Netflix Engineering is always looking for security, ergonomic, and efficiency improvements; and this extends to authorization tools. While experimenting with Zanzibar approaches to authorization, Netflix found SpiceDB and used it to build a prototype for experimentation. The prototype uncovered trade-offs required to implement Attribute-Based Access Control (ABAC) in SpiceDB, which made it poorly suited for Netflix’s core requirements for application identities. To address the shortcomings, the authorization team at Netflix sponsored work to add ABAC support to SpiceDB.
For a technical overview of the Caveats feature design process, read the blog post announcing the collaboration.

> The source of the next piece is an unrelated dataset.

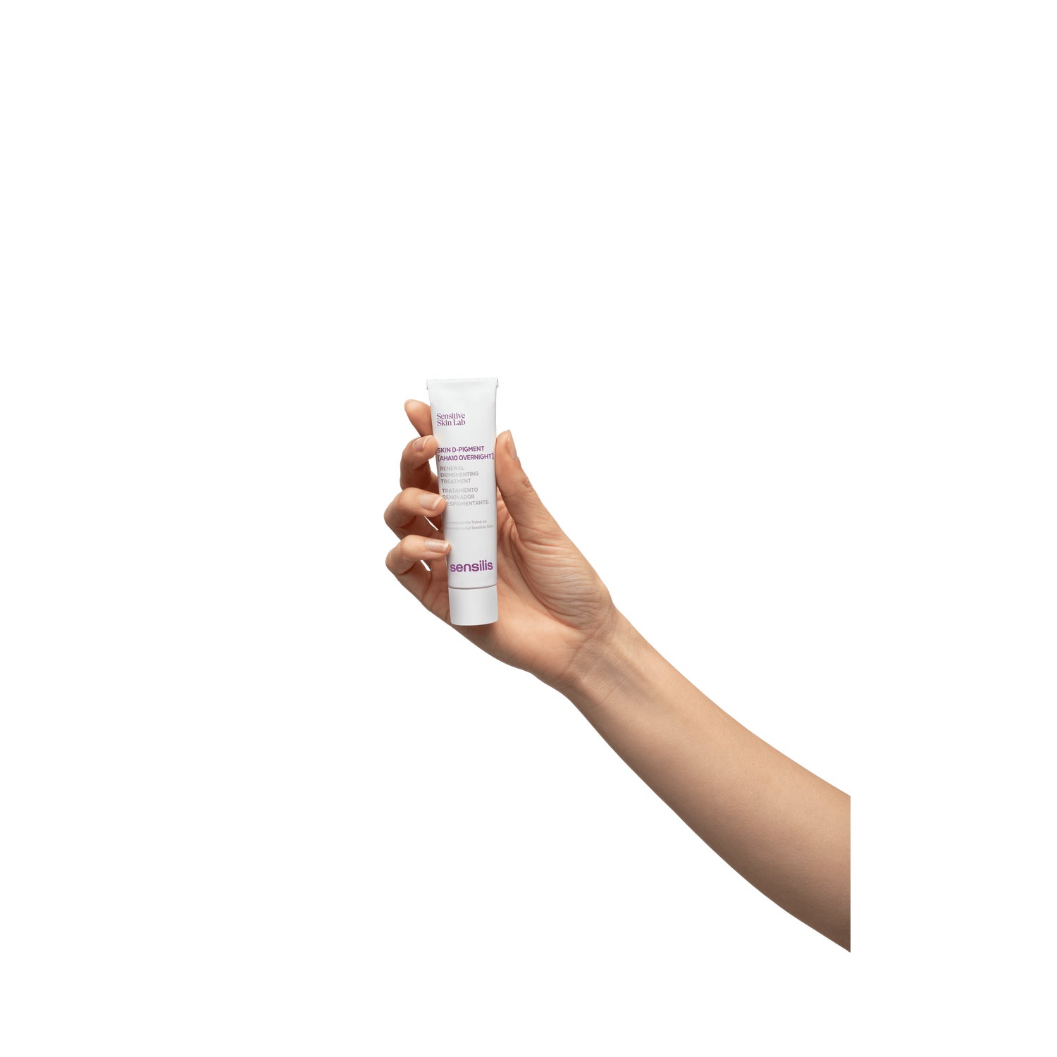 Sensilis Skin D-Pigment [AHA10 Overnight] Depigmentation Renewal Treatment 30ml é um tratamento de renovação da superfície da pele desenvolvido com ácido tranexâmico para cuidados noturnos.

Sponsored Open Source Feature Development
With Netflix’s support, the AuthZed team pondered a Zanzibar-native approach to Attribute-Based Access Control. The requirements were captured and published as the caveated relationships proposal on GitHub for feedback from the SpiceDB community. The community’s excitement and interest became apparent through comments, reactions, and conversations on the AuthZed Discord server. Clearly, Netflix wasn’t the only one facing challenges when reconciling SpiceDB with policy-based approaches, so Netflix decided to help! By sponsoring the project, Netflix was able to help AuthZed prioritize engineering effort and accelerate adding the Caveats feature to SpiceDB.
SpiceDB Caveats
SpiceDB Caveats allows Netflix to specify authorization policy to include system attributes. Instead of requiring the entire state of the authorization world to be persisted as relations, a system can have both relations and identity attributes used at authorization check time.
Outcome
Netflix and AuthZed are both excited about the collaboration’s outcome. Netflix can employ another authorization tool and SpiceDB users have another option to perform rich authorization checks. Bridging the gap between policy based authorization and ReBAC is a powerful paradigm that is already benefiting companies looking to Zanzibar-based implementations for modernizing their authorization stack.